I'm totally stumped by this question. We're told to "Join the Media table to the Genres table using the Media_Genres table".
The schema shows this Media_Genres table serves as a many-to-many link between Media and Genres.
I'm on the Intermediate PHP track, which only required the Beginner SQL units. I don't feel this kind of JOIN was covered in those basic units. I'm out of my depth!
SELECT Media.title, Genres.genre FROM Media ??? (what goes here? Do I need to join Media to Genres, then Genres to Media_Genres?) WHERE Media.media_id=3;
The original question being: Add to the following SELECT statement to JOIN the Media table and the Genres table using the joining table Media_Genres. SELECT * FROM Media WHERE media_id=3;
6 Answers
Julie Dowler
7,851 PointsThe second INNER JOIN needs to join the Genres table. You've already got the Media_Genres table joined, and now you need to join the Genres table:
SELECT title FROM Media
INNER JOIN Media_Genres ON Media_Genres.media_id = Media.media_id
INNER JOIN Genres ON Media_Genres.genre_id = Genres.genre_id
WHERE Media.media_id = 3;
(I see I made a mistake in my statement in my first comment, too. I forgot to name the table in my second INNER JOIN statement).
Julie Dowler
7,851 PointsMedia_Genres is the table that has data which matches Media, and data which matches Genres. Join Media_Genres to Media, then join Media_genres to Genres.
SELECT Media.title, Genres.genre FROM Media INNER JOIN Media_Genres
ON Media_Genres.media_id = Media.media_id INNER JOIN Media_Genres.genre_id=Genres.Genre_id WHERE media_id=3
As far as the SELECT goes, I'm copying what you had, even though from what I see of the question here, they're not asking for you to select specific information. You might want to just use *.
Brett Phillips
7,016 PointsThanks for the advice. I was using the specific "Media.title, Genres.genre" in my SELECT statement in an attempt to narrow it down and try to get any kind of result.
I have tried your suggestion (and some variations), but still no luck.
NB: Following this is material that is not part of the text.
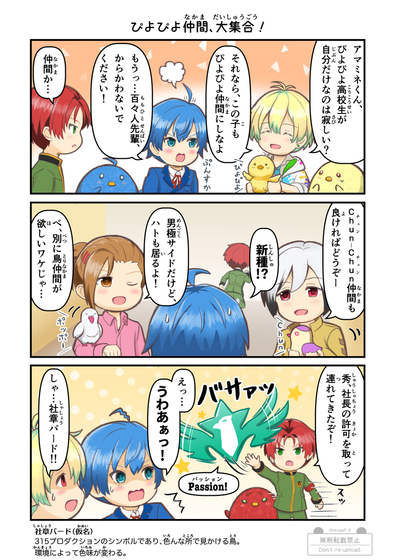 okogeP_8☆quiet followDONE【漫画】ちっちゃいクラファ漫画。ぴよぴよ高校生のために、ぴよぴよ言ったり言わなかったりする愉快な仲間たちが大集合するお話です。登場するバードたちの鳴き声はあくまでイメージとなり、実際の鳴き声と異なるかと思われます。 #SideM Tap to full screen (size:1748x2480).Repost is prohibited Let's send reactions! freqpopularsnackothersPayment processing Replies from the creator Follow creator you care about!☆quiet follow okogeP_8DONE某都市伝説を解体するアレのパロディシリーズ、C.FIRSTセンターの天峰 秀が活躍するストーリーです。元ネタの大きなネタバレは無い&元ネタが分からなくても大丈夫なように作っていますが、少しでも気になる方は ご注意くださいませ。一応の全体ストーリーは考えているので、少しずつ追加していく感じでいく予定です。(最終更新:2015/10/19 NoriNoriTalk編を追加) 28 okogeP_8DONE(漫画)パバステや新刊のおまけペーパーに付けていた漫画です。振り付けのポーズの一部が「番組のお便りの宛先はコチラ!」的なやつに見えなくもないよな…って発想だけで描きました。 okogeP_8MENU【8/30 パバステ現地4th】お品書き8/30 Passion! VIRTU@L STAGE!現地4th in多摩【や28】焼きたて おこげ本舗パバステ4thのお品書きです。新刊の他、特典ポストカードやグッズなども用意しております。良ければお立ち寄りくださると嬉しいです!新刊のサンプルはこちら↓https://poipiku.com/5392936/12115233.html 2 okogeP_8INFO【パバステ現地4th】新刊サンプル『サイコーひとくちアラカルト』全年齢/A5/本文70p/CPなし/800円(会場頒布価格)8/30 Passion! VIRTU@L STAGE!現地4th in多摩にて頒布予定。315プロオールスター(49人+α)のひとくちサイズ漫画の詰め合わせ本です。49人それぞれが主役の1P漫画の他描きおろしや未公開作品なども多数収録。※後日通販予定 8 okogeP_8DOODLEクラファ最新ストーリーで、例の質問に対する反応が三者三様で良かったなーって思った勢いで描いたやつです。それはそれとして、Pは何であんなにハッチャケてたんだよ… 2 okogeP_8DONE鋭心先輩が応援団衣装のアレについてWhyな疑問を抱くお話を描きました。H◯Vコラボネタ。あのデザイン可愛いくて大好きなんですが、本人的には「???」な状態になってそうだなと思ったので… 3 related works ご飯ヶ竹吾郎DONEカラーパレットでリクいただいたもの ねねこDOODLE #SideMせいじちゅん…… ぽーらDOODLEねむる翼mini NRGayaDOODLEコキュートス🤔 ご飯ヶ竹吾郎DONEpkmnのエリトレの服 ユキニョDONEクリスマス前半戦お疲れ様でした~ うしおDOODLE締まったタイを緩める~ のフレーズが頭から離れなくなったので描きました つくね子PAST ユキニョDONEクリスマス前半戦お疲れ様でした~ recommended works うしおDONE翔太くん!で最後の一人でした~5月からくじで引いた順に描いててやっと全員!描けた!やったー! 2 Nicole_17450DONE2018描き納めの咲ちゃん @真次PAST2018年の類誕生日イラスト。キラキラペンやシールでデコりました。 つくね子PAST アレクサンダー勇輝DOODLE鷹城恭二は成人済みロリなのでものを食べると口の周りが食べカスだらけになる#SideM みつたDOODLEリプ来た絵文字かくやつ英雄っ aaaDOODLE #SideM途中で力尽きた ぽーらDOODLEステの🎈ぷっぷく薫さんがかわいかったから ymzw_skDOODLE「プロデューサーさんって意外とさぁ…」

For instance, the following SELECT statement:
SELECT title FROM Media
INNER JOIN Media_Genres ON Media_Genres.media_id = Media.media_id
INNER JOIN Media_Genres ON Media_Genres.genre_id = Genres.genre_id
WHERE Media.media_id = 3;
...gives the following error:
SQL Error: ambiguous column name: Media_Genres.media_id
I'm at a loss how explicitly named columns are flagged as "ambiguous".
Julie Dowler
7,851 PointsI haven't found any place on Treehouse yet where they explain JOINs very well. It made sense to me after I read this: (https://www.w3schools.com/sql/sql_join.asp)
Anthony Meyer
2,472 PointsI ended up figuring it out. The change I made was what I selected. The question asks for all columns, so specifically running "SELECT title... " doesn't work, which is what I had tried for some dumb reason.
Charles Fields
4,205 PointsI had much the same experience, and eventually got a similar query accepted with INNER JOIN statements. To do so I had to remove my aliases and use full table names. In the process I removed parentheses around the ON table.column = .. clauses. This should not matter, but then again neither should the aliases. I find the pickiness of these challenges and lack of detail in the error messages a very annoying combination. Syntax error! What??
Anthony Meyer
2,472 PointsIs there a specific reason this requires an Inner Join as opposed to a "Join"? My code was identical to Julie's with the exception of not having the "inner" in the join and was coming up as "wrong", but was giving the correct information.
Brett Phillips
7,016 PointsGood question Anthony.
I don't think it should matter, as the keyword "INNER" appears to be optional (but perhaps good practice, being more explicit?)
I would recheck your code, because I just went back and tried my SQL statement without "INNER" and it still worked.
My code:
SELECT * FROM Media
JOIN Media_Genres ON Media_Genres.media_id = Media.media_id
JOIN Genres ON Media_Genres.genre_id = Genres.genre_id
WHERE Media.media_id = 3;
It might depend on the database server you're using too. Some databases might require "INNER", while others exercise greater leniency (like SQLite apparently does).
Brett Phillips
7,016 PointsBrett Phillips
7,016 PointsThanks so much Julie! Still getting my head around that, but I'm sure with further practice and more examples it'll click.